[Your assignment]
Retype only the lines that run from the top of the material below to the line bearing "Cami, Jazmín und", inclusive, and keep the pictures out.

BEGIN Source material

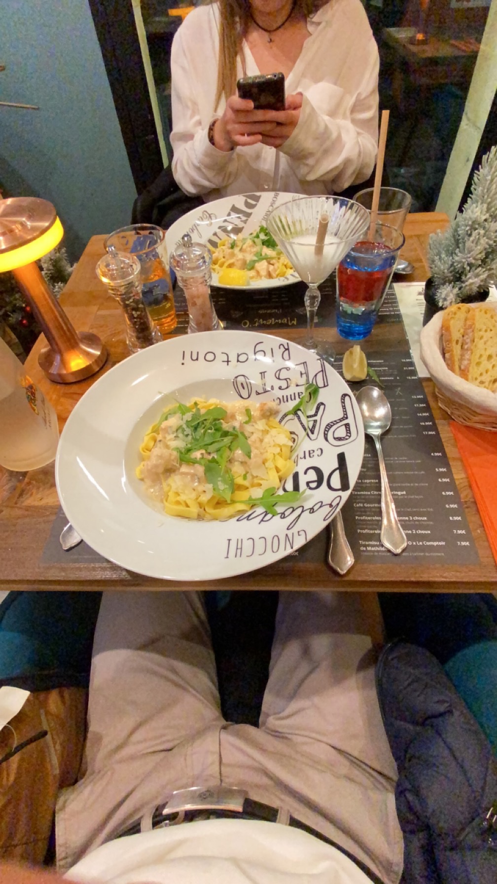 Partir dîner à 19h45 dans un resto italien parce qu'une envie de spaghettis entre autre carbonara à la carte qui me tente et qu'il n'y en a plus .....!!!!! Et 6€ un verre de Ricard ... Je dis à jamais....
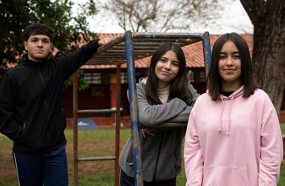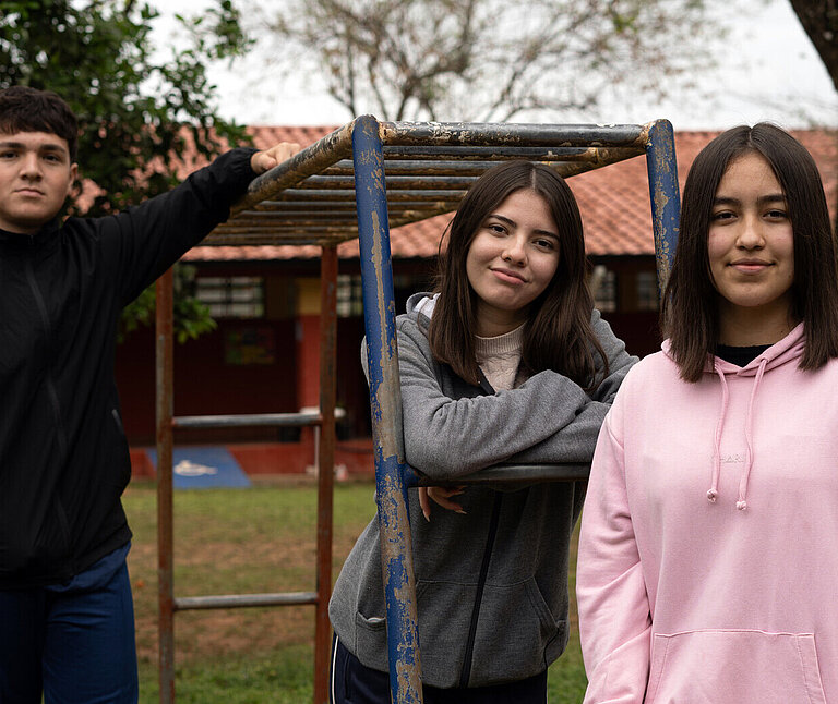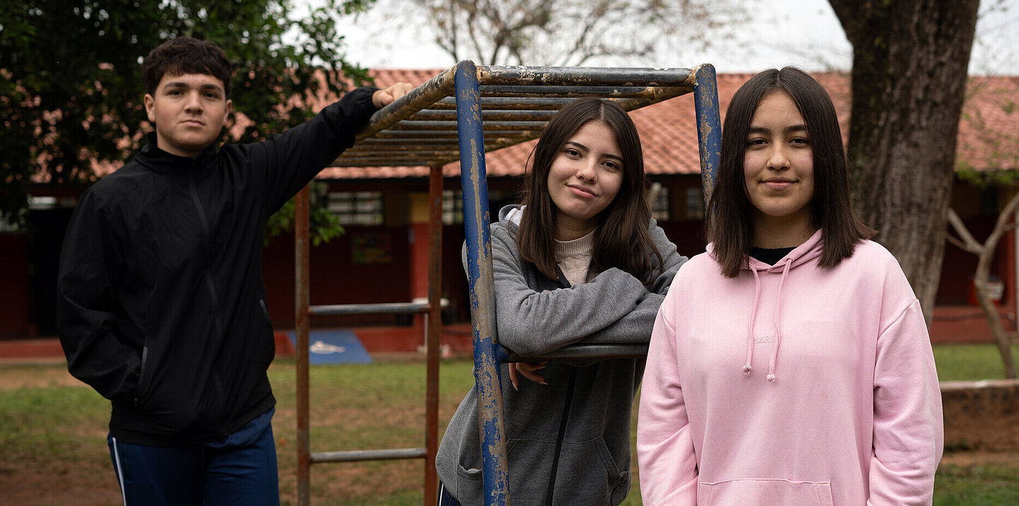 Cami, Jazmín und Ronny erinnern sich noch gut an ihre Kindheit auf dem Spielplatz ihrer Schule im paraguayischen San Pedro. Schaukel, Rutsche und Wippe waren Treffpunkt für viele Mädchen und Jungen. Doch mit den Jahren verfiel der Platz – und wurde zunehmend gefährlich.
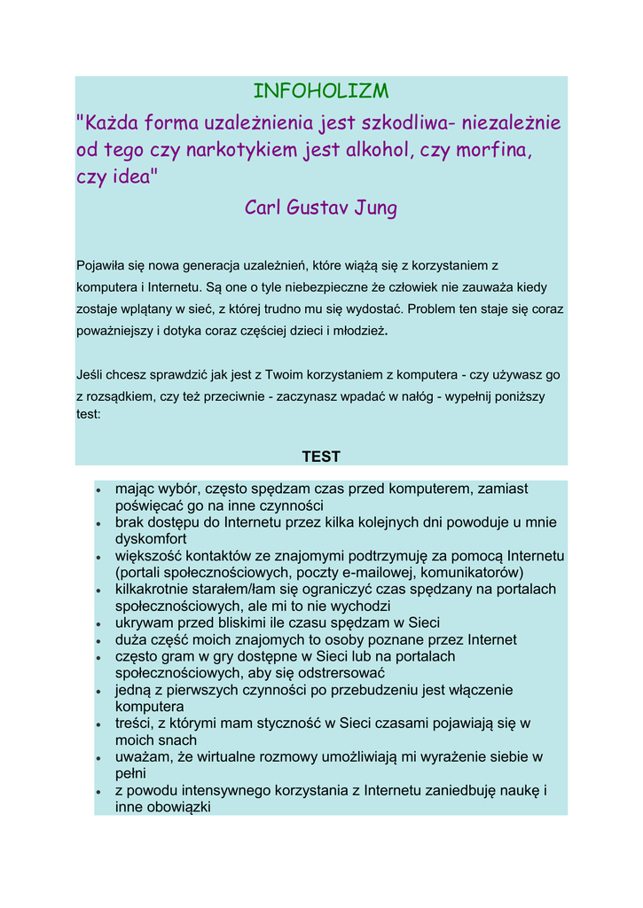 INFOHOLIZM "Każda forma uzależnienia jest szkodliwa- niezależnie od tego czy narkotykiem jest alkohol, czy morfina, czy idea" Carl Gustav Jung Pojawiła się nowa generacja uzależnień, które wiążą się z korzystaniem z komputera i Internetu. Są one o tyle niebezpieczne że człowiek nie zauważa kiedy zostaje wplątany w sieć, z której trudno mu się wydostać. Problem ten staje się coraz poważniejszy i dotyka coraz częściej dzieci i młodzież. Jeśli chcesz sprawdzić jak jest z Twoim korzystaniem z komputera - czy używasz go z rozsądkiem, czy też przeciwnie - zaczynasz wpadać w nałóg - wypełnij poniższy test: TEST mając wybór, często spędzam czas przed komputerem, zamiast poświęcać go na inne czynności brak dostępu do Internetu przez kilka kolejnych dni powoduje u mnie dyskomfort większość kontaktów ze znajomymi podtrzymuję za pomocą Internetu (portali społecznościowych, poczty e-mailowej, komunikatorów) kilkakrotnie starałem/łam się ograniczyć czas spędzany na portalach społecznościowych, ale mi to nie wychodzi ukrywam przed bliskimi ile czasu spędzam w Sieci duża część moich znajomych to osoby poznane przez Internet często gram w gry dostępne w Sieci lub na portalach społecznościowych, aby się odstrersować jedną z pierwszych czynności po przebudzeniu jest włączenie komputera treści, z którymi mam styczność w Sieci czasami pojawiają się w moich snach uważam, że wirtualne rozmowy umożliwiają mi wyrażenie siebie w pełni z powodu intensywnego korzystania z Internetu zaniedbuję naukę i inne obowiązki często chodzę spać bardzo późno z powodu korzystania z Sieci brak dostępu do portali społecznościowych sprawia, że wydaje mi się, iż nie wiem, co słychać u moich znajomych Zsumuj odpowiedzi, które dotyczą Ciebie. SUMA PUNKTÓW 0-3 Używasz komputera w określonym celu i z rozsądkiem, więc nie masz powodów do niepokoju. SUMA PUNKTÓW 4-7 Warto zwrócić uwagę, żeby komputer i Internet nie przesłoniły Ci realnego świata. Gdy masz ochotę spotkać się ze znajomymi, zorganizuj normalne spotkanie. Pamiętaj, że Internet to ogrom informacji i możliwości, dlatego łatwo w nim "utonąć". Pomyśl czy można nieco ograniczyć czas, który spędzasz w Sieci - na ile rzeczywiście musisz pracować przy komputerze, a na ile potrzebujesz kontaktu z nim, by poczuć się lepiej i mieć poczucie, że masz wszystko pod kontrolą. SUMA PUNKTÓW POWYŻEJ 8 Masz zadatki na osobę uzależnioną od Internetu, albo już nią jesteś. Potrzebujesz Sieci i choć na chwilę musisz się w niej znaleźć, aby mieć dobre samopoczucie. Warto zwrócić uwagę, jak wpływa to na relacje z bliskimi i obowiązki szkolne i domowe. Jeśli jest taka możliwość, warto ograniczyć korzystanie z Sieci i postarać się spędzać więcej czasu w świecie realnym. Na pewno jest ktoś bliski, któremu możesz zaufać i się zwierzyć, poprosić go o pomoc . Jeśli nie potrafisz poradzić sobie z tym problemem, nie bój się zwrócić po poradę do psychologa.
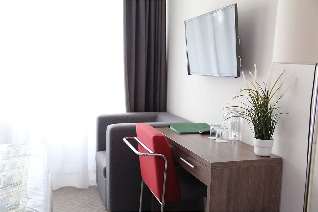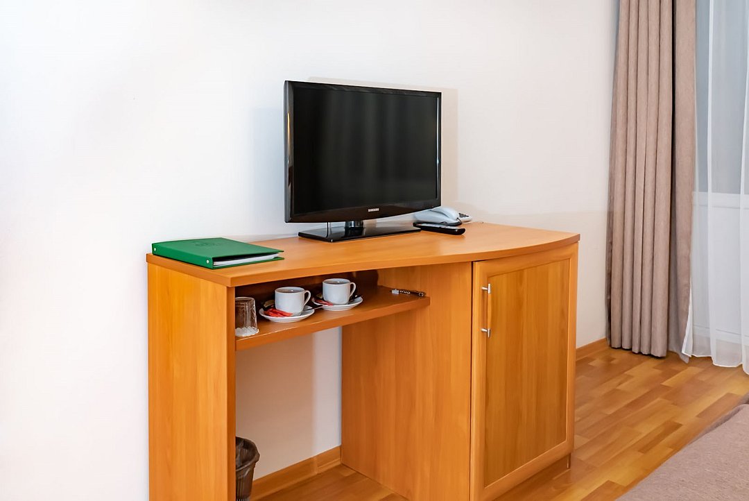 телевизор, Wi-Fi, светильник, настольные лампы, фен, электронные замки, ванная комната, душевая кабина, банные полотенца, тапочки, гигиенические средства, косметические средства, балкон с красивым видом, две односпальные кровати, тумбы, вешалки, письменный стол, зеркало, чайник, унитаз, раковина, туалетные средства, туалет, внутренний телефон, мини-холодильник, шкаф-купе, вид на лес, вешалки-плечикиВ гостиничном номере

END Source material

[Finished task]
 Partir dîner à 19h45 dans un resto italien parce qu'une envie de spaghettis entre autre carbonara à la carte qui me tente et qu'il n'y en a plus .....!!!!! Et 6€ un verre de Ricard ... Je dis à jamais....
 Cami, Jazmín und Ronny erinnern sich noch gut an ihre Kindheit auf dem Spielplatz ihrer Schule im paraguayischen San Pedro. Schaukel, Rutsche und Wippe waren Treffpunkt für viele Mädchen und Jungen. Doch mit den Jahren verfiel der Platz – und wurde zunehmend gefährlich.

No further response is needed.